4.1 Simple text analysis

4.2 Analysis of different files

4.3 Search for Icon in exe file

4.4 Finding largest sequence in PI

5 Details concerning the analysis algorithm

6 Additionals notes

1. Description

Using this tool you have two possibilities to find in two different files equal data sequences also known as patterns. If PatternDiffer detects identic patterns they are displayed in a tabular or in a hexadecimal view. Additionally the data is show in a graphic. Moreover you have the possibility to save the results in XML file format in order to process the result later automatically by any other program. Since the data is analysed at a binary level its stucture is not relevance. Simplified you can consider PatternDiffer to analyse the biggest coherent parts in two files.

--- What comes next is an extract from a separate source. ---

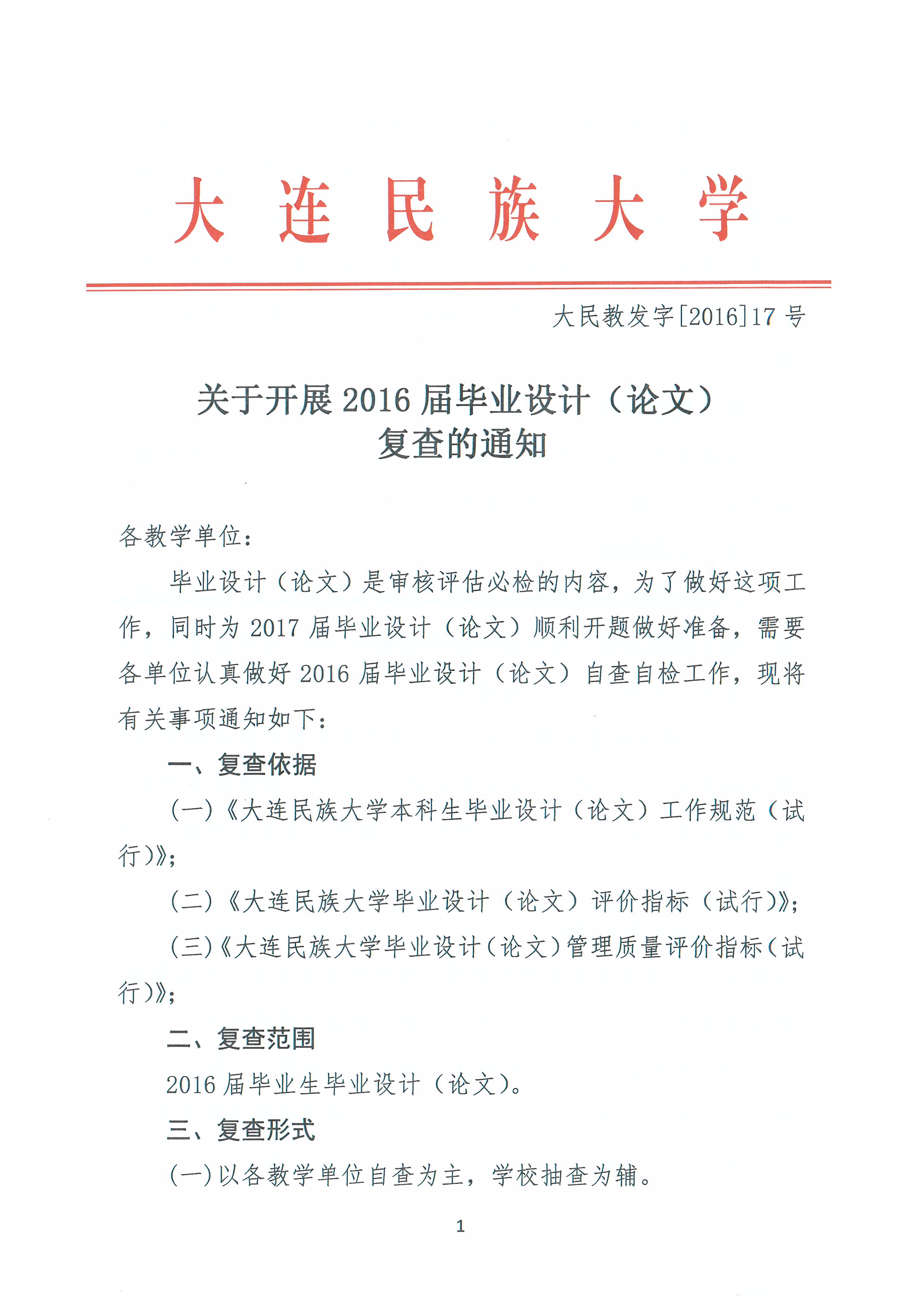 关于开展2016届毕业设计(论文)复查的通知

Additional information in chapter "Handling".

2. Steps ot the analysis

After you selected the files to be analysed, the analysis starts by pressing the "start"-buttons. During the analysis process a fall back of the progress bar can happen. Don't worry about that because this depends on the used analysis algorithm in PatternDiffer

The action of analysis can be canceled anytime but the result PatternDiffern found will still stay and can be exported to xml too.

After the analysis is finished the found pattern blocks will be shown in a table. Below you can view the result in a visual view to be able to find important places quickly. If you need more detailed information concerning a special pattern found you can get it by simply presssing the "Extended Analysis"-button.

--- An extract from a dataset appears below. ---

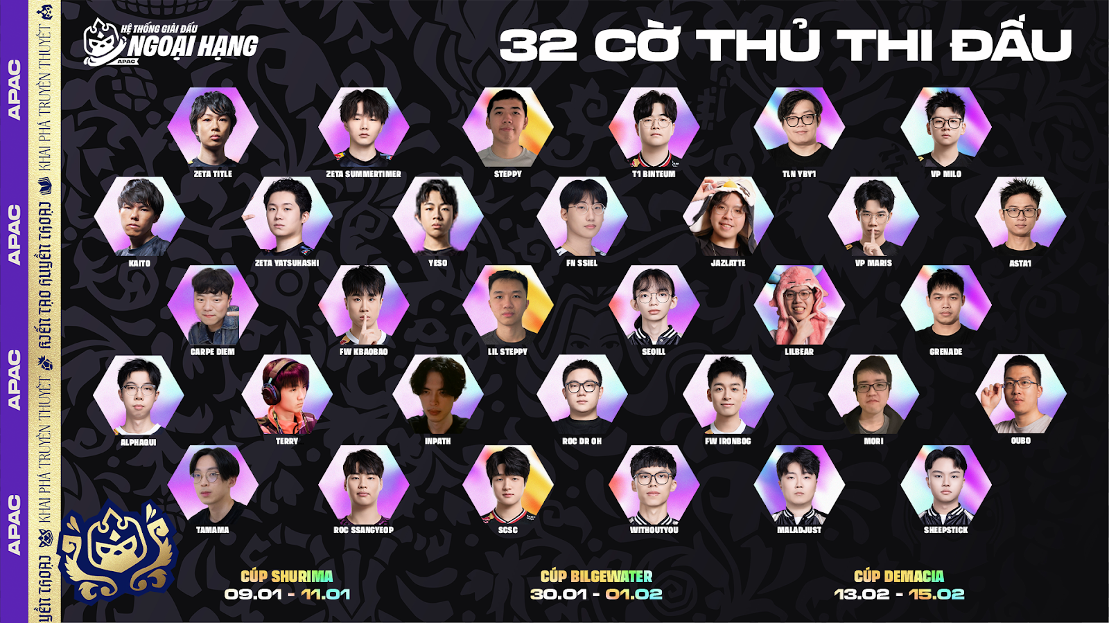 - Cúp Shurima sẽ là kỳ thi đấu mở màn cho Hệ thống giải đấu Ngoại hạng Mùa 16 khu vực APAC, diễn ra Online từ ngày 09.01 – 11.01.

If the retrieved results are designated for automatic processing with another program for example you can export the results through the export function in the menu.

3. Options

In menu "Options" and in submenu "Preferences" you can choose the analysis mode There are two different modi called "Analysis inside a file" and "Analysis in different files". If you start the analysis inside a file so PatternDiffer will skip sequences at the same file position. This is for detection of identic areas in a file. For example you can find in the pattern "abbbabbcdddccabbcddaaadb" the longest equal sequence. In this case it's "abbbab". You can follow this example in chapter Example of application/Simple text analysis. It doesn't matter what kind of data you input to pattern differ in form of files you simly analyse this data for the existance of equal structures and patterns

Using the "Analysis in different files" thoses patterns are detected which can be found in both source files and spanning the biggest possible interval.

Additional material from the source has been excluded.